Section 282 of the Code provides that “ whenever an appeal shall have been perfected, the.court in which the judgment has been recovered” may, on special motion, after notice to the person owning the judgment, “ in such terms as they shall see fit, direct an entry to be made by the clerk on the docket of such judgment, that the same is secured on appeal, and thereafter it shall cease, during the pendency of the appeal,- to be a lien on the real property of the judgment debtor, as against purchasers and mortgagees in good faith.”

If the condition of the undertaking is not broken, for the reason that a part of the defendants abandoned the appeal before the judgment was affirmed, then all, save one surety, might abandon the appeal after the real estate of the debtor had been released by virtue of the undertaking; and thus the Legislature would have contrived an ingenious method by which a judgment debtor might clear his real estate of the lien of the judgment, sell the estate, and his sureties be released from all liability.

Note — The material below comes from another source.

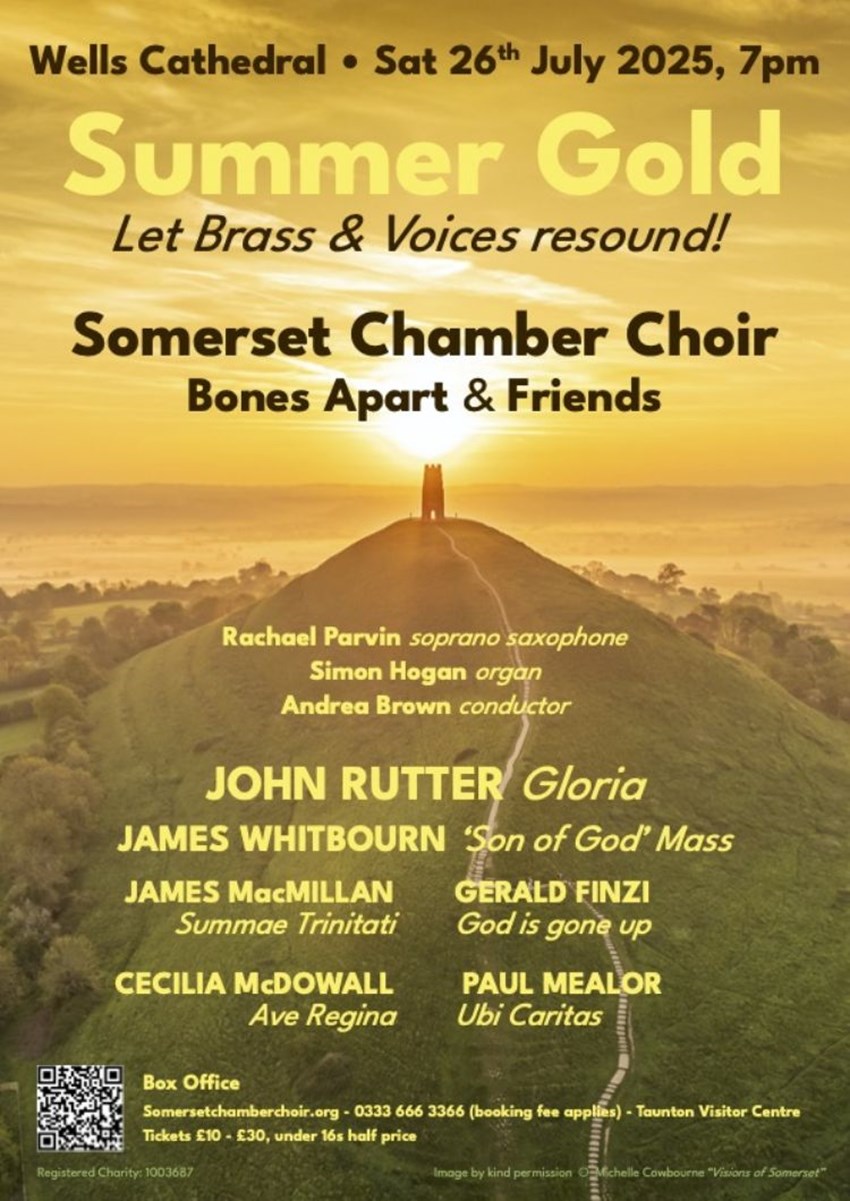 SUMMER GOLD Let Brass & Voices Resound! Saturday 26th July 2025 at 7.00pm Wells Cathedral JOHN RUTTER Gloria JAMES WHITBOURN 'Son of God' Mass JAMES MacMILLAN Summae Trinitati CECILIA McDOWALL Ave Regina PAUL MEALOR Ubi Caritas GERALD FINZI God is gone up And music for brassSomerset Chamber Choir Bones Apart & Friends Rachael Parvin soprano saxophone Simon Hogan organ Andrea Brown conductor

We think this objection is not well taken.

The second objection made by the defendant is, that the plaintiffpermitted the judgment debtor to have entered on the docket the words “ secured by appeal,” without any notice to the sureties.

*73The entry was made in obedience to an order of the judge, which was granted upon application of the attorney of the said DeGroot, who had obtained the consent of the plaintiff’s attorneys that such order be made; neither the plaintiff nor the sureties having had any personal knowledge of the consent to the order. Though it would be highly proper to give notice to the sureties, and the judge might perhaps refuse to grant such order without notice to them, yet the statute does not require it. It only requires notice to the person “ owning the judgment?

When sureties join in an undertaking, they are presumed to know the legal effects of their act, and that one of those effects will probably be to release the real estate of the debtor from the lien of the judgment. In most instances that is one of the very objects for which the undertaking is executed. The plaintiff has done nothing of which the defendant can reasonably complain.

The defendant’s next objection is, that the judgment debtor has appealed to the Court of Appeals from the judgment of this court, and perfected his appeal.

It appears from the case that this action was commenced on April 26,1856, and that the appeal was taken on the 9th of June following, and that the notice of appeal was served simultaneously with the answer.

At the commencement of this suit the plaintiff’s cause of action was complete. If the appeal constitutes a defence, it has arisen subsequent to the commencement of the action.

The Code (§ 339), like the Revised Satutes (2 Rev. Stats., 607), declares that a perfected appeal shall “ stay all further proceedings in the court below, upon the judgment appealed from, or the matter contained therein” (except in certain special cases). The provisions of the Code in relation to appeals are the same as those of the Revised Statutes relating to appeals from orders and decrees of the Court of Chancery.

In Burr v. Burr (10 Paige, 169), the chancellor held that an appeal perfected after execution levied, did not stay the sheriff from proceeding on the execution, and terms were imposed as a condition to the order staying proceedings ; affirming the same construction previously given by him in the case of Clark v. Clark (7 Paige, 607).

In Cook v. Dickerson (1 Duer, 679), this court held that a *74perfected appeal under the Code, did not of itself stay an execution previously levied.

But the case before us is not a proceeding in the court below upon the judgment, nor upon a matter contained therein. The suit upon the undertaking might have been brought in any court of competent jurisdiction as well as in the court where the judgment had been affirmed. The case of Thompson v. Blanchard (2 Comst., 562) differs widely from the one now under consideration, both in its facts and in the principles involved therein.

The only question which this appeal brings before us is one of law ; and we find no error in the decision of the judge. We must therefore affirm the judgment, leaving the defendant to move for a stay of proceedings, or to make such other application as he may be advised.

Judgment affirmed, with costs.

Present, Bosworth, Pierrepont, Hoff&an, Woodruff, and Slosson, JJ.